> **Activity**:
Leaving out every picture, retype the lines below from the top through the one that contains "Pomůcka do matematiky".

BEGIN Material provided

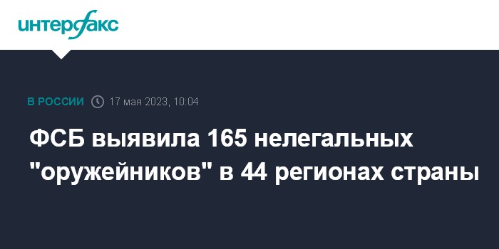 Москва. 17 мая. INTERFAX.RU - ФСБ провела спецоперацию против так называемых нелегальных оружейников в 44 регионах страны: выявлены 165 человек, изъято большое количество оружия и боеприпасов, прекращена работа 40 подпольных мастерских.
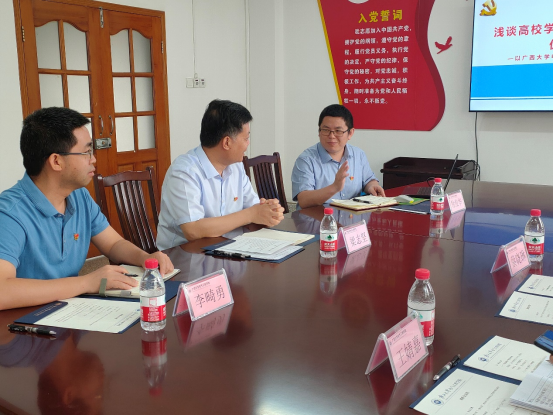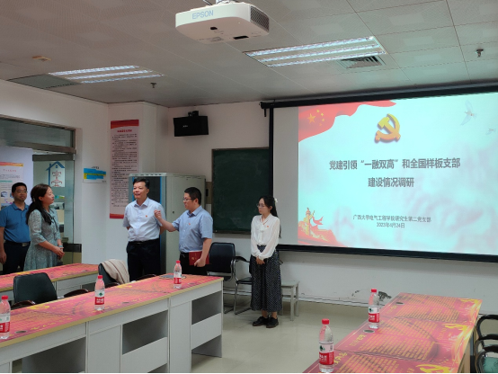 调研活动议程如下:广西大学电气工程学院党委书记梁志坚介绍学院党建引领“一融双高”建设、东北财经大学统计学院党总支书记蔡晓琳介绍调研内容、电气工程学院研究生第二党支部书记徐俊华介绍全国样板支部建设情况及亮点、双方交流、参观广西大学电气工程学院研究生第二党支部活动室。
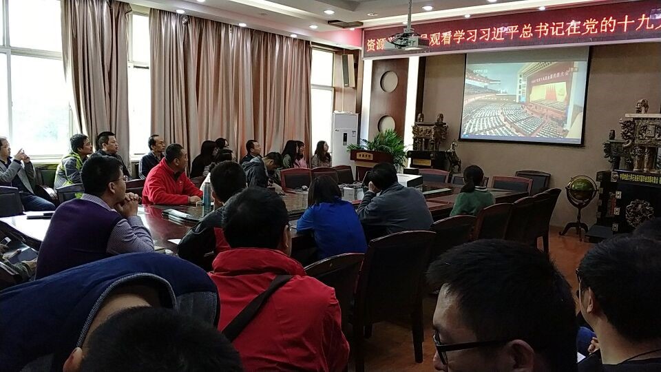 10月18日上午,资源公司党委就组织教工、员工党员集体收看学习党的十九大开幕会现场直播,认真聆听习近平总书记代表十八届中央委员会向大会作报告。此外,部分师生党员分别在实验室、办公室、寝室等场所,通过手机电脑等方式观看了网络直播。
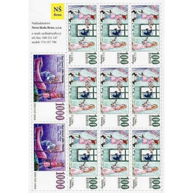 Pomůcka do matematiky (s pohádkovou tematikou). Jedná se o dvojstranu formátu A4.
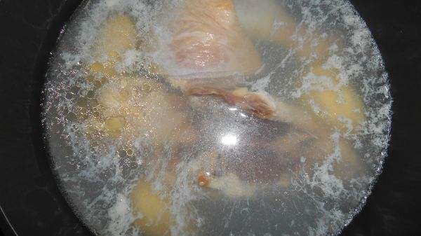 Маленький секретик: с мясом-курой я закидываю вариться несколько целых картофелин
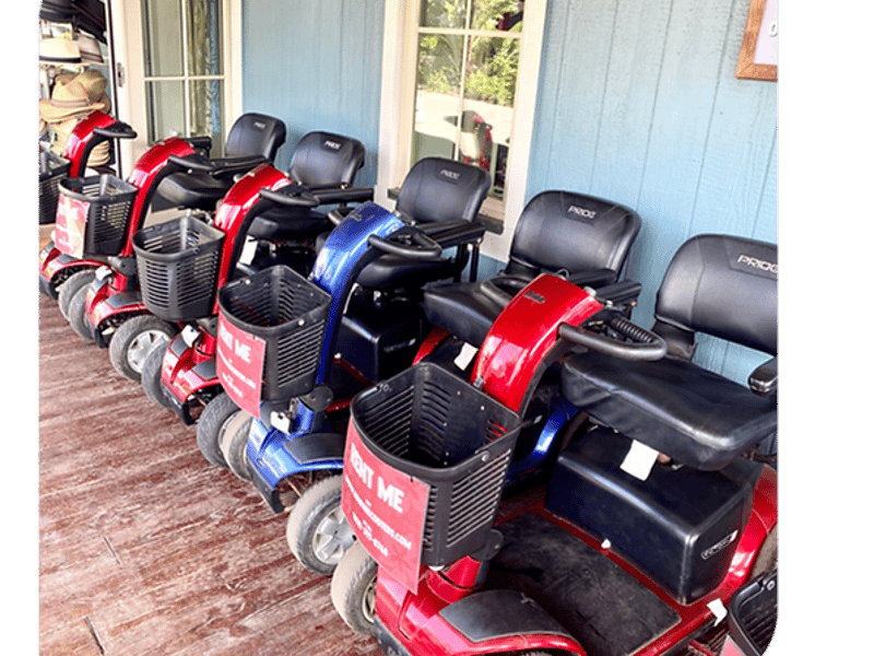 Explore 42 acres in comfort with a full-day mobility scooter rental
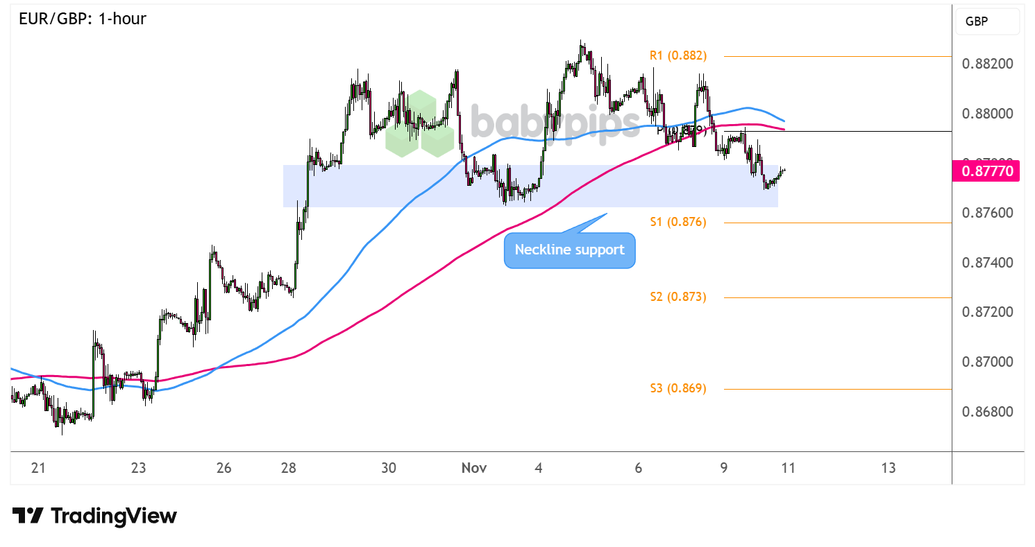 EUR/GBP has made a couple of failed attempts to bust through the .8820 resistance zone, finding support around the .8775 mark to create a double top on its hourly chart.
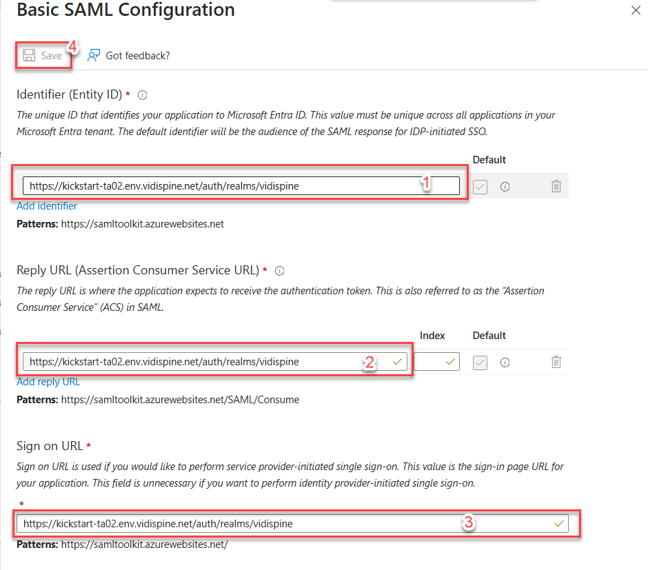 Edit the “Basic SAML Configuration”
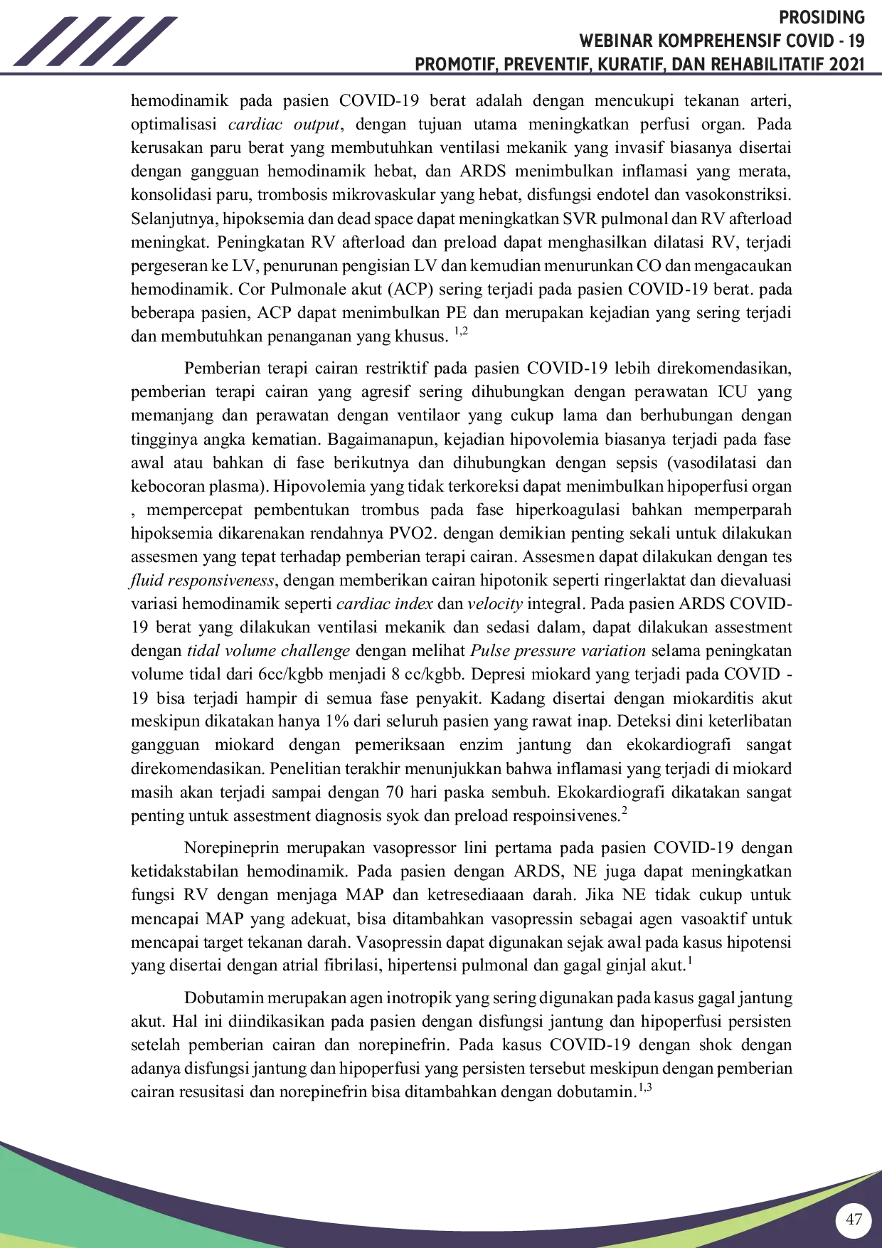 Proceeding Series Universitas Muhammadiyah SurabayaProceeding Series Universitas Muhammadiyah SurabayaInfeksi Covid-19 yang menjadi pandemi menjadi tantangan tersendiri bagi dokter dalam melakukan perawatan. Hal tersebut disebabkan karena patofisiologi Covid 19 yang sangat kompleks. Penyakit ini tidak hanya mempengaruhi paru namun juga organ lain. Gejala yang ditimbulkan juga beragam dari pasien tanpa gejala hingga yang bergejala berat. Pada pasien covid-19 yang bergejala berat maka diperlukan perawatan di ruang ICU. Perawatan di ruang ICU tersebut memerlukan monitoring dan terapi yang sangat kompleks yang hingga saat ini belum memiliki standar yang sama.

END Material provided

> **Result of the exercise**:
 Москва. 17 мая. INTERFAX.RU - ФСБ провела спецоперацию против так называемых нелегальных оружейников в 44 регионах страны: выявлены 165 человек, изъято большое количество оружия и боеприпасов, прекращена работа 40 подпольных мастерских.
 调研活动议程如下:广西大学电气工程学院党委书记梁志坚介绍学院党建引领“一融双高”建设、东北财经大学统计学院党总支书记蔡晓琳介绍调研内容、电气工程学院研究生第二党支部书记徐俊华介绍全国样板支部建设情况及亮点、双方交流、参观广西大学电气工程学院研究生第二党支部活动室。
 10月18日上午,资源公司党委就组织教工、员工党员集体收看学习党的十九大开幕会现场直播,认真聆听习近平总书记代表十八届中央委员会向大会作报告。此外,部分师生党员分别在实验室、办公室、寝室等场所,通过手机电脑等方式观看了网络直播。
 Pomůcka do matematiky (s pohádkovou tematikou). Jedná se o dvojstranu formátu A4.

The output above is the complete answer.